# About this exercise
Find "Since, lncRNAs are" in the listing below, then set down only that line and each later line, unchanged, leaving out pictures.

# Collected data
● ● ● ●

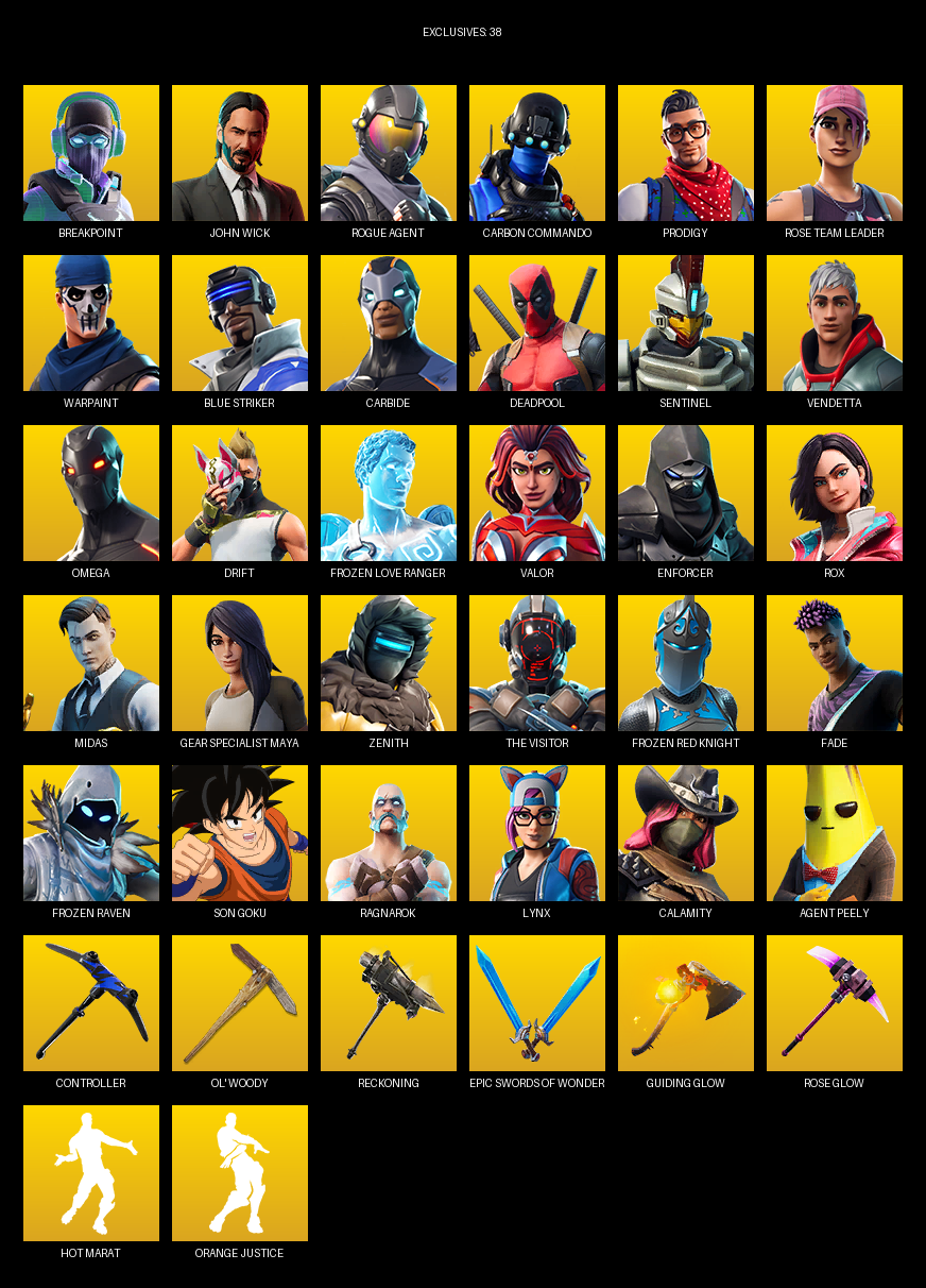Omega, Gear Specialist Maya, Breakpoint, John Wick, Rogue Agent, Carbon Commando, Prodigy, Rose Team Leader, Warpaint, Blue Striker, Carbide, Deadpool, Sentinel, Vendetta, Drift, Frozen Love Ranger, Valor, Enforcer, Rox, Midas
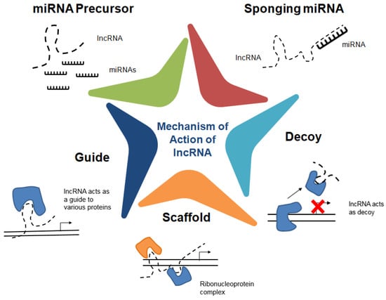 Since, lncRNAs are relatively less conserved across species, investigating their biological importance as well as their mechanism of action is a difficult task. The discovery of lncRNAs and their functions to date suggest their roles in different biological processes via gene regulation by serving as molecular signals, guides, decoys, and/or scaffolds (Figure 3) []. LncRNAs can bind with DNA, RNA, and proteins to regulate gene expressions both at the transcriptional as well as post-transcriptional level. There are different computational approaches for the identification of lncRNAs from the genome as well as transcriptome data, investigation of lncRNA functions, and its associated regulatory networks. Although identifying lncRNAs is out of the question from whole exome sequencing, recent reports including ours have shown how the third generation sequencing technology is used to screen the lncRNAs from exomes [,]. Nevertheless, the lncRNAs are ascertained as differentially expressed gene (DEG) counts and many of them turn out to be up/downregulated. These could be from 5′-UTR or intergenic or regulating from the intron-exon boundaries. They are validated using downstream approaches like qRT-PCR or further validation checks. A detailed characterization and potential identification of long read/short-read sequencing were beyond the scope of this review even as potential lncRNAs could be screened from either of these technologies [].
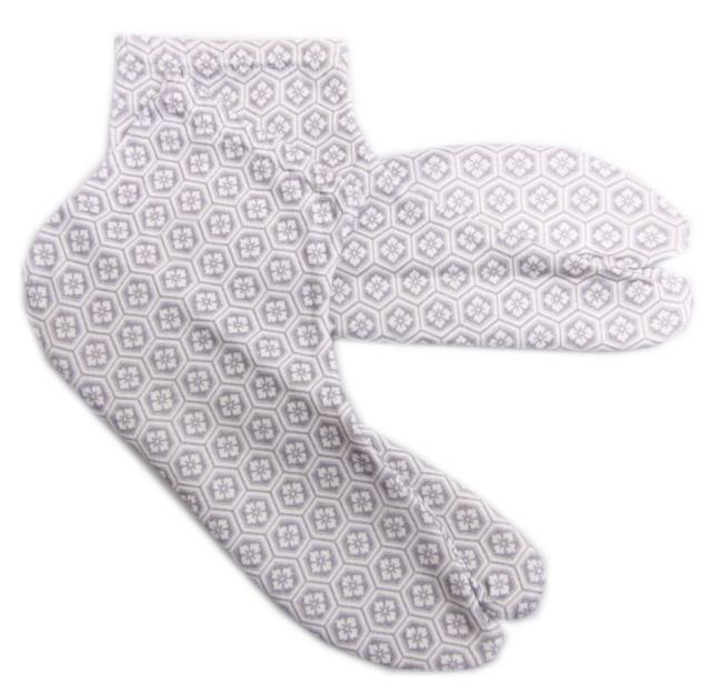 足袋 柄 ストレッチ メンズ 男性 紫グレー地亀甲花菱 フリー 25〜27cm 日本製 カジュアル 着物 きもの 男物 紳士用 オーガニック
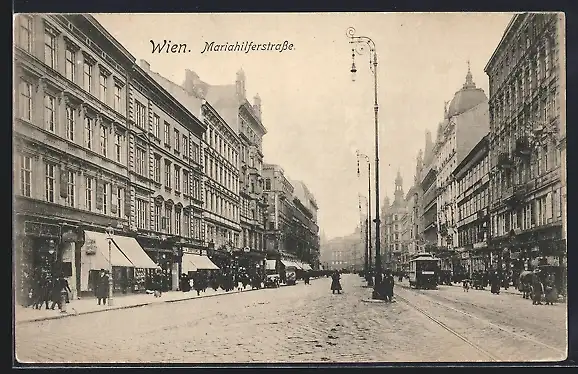 AK Wien, Partie in der Mariahilferstrasse, Strassenbahn

● ● ● ●

# Expected answer
 Since, lncRNAs are relatively less conserved across species, investigating their biological importance as well as their mechanism of action is a difficult task. The discovery of lncRNAs and their functions to date suggest their roles in different biological processes via gene regulation by serving as molecular signals, guides, decoys, and/or scaffolds (Figure 3) []. LncRNAs can bind with DNA, RNA, and proteins to regulate gene expressions both at the transcriptional as well as post-transcriptional level. There are different computational approaches for the identification of lncRNAs from the genome as well as transcriptome data, investigation of lncRNA functions, and its associated regulatory networks. Although identifying lncRNAs is out of the question from whole exome sequencing, recent reports including ours have shown how the third generation sequencing technology is used to screen the lncRNAs from exomes [,]. Nevertheless, the lncRNAs are ascertained as differentially expressed gene (DEG) counts and many of them turn out to be up/downregulated. These could be from 5′-UTR or intergenic or regulating from the intron-exon boundaries. They are validated using downstream approaches like qRT-PCR or further validation checks. A detailed characterization and potential identification of long read/short-read sequencing were beyond the scope of this review even as potential lncRNAs could be screened from either of these technologies [].
 足袋 柄 ストレッチ メンズ 男性 紫グレー地亀甲花菱 フリー 25〜27cm 日本製 カジュアル 着物 きもの 男物 紳士用 オーガニック
 AK Wien, Partie in der Mariahilferstrasse, Strassenbahn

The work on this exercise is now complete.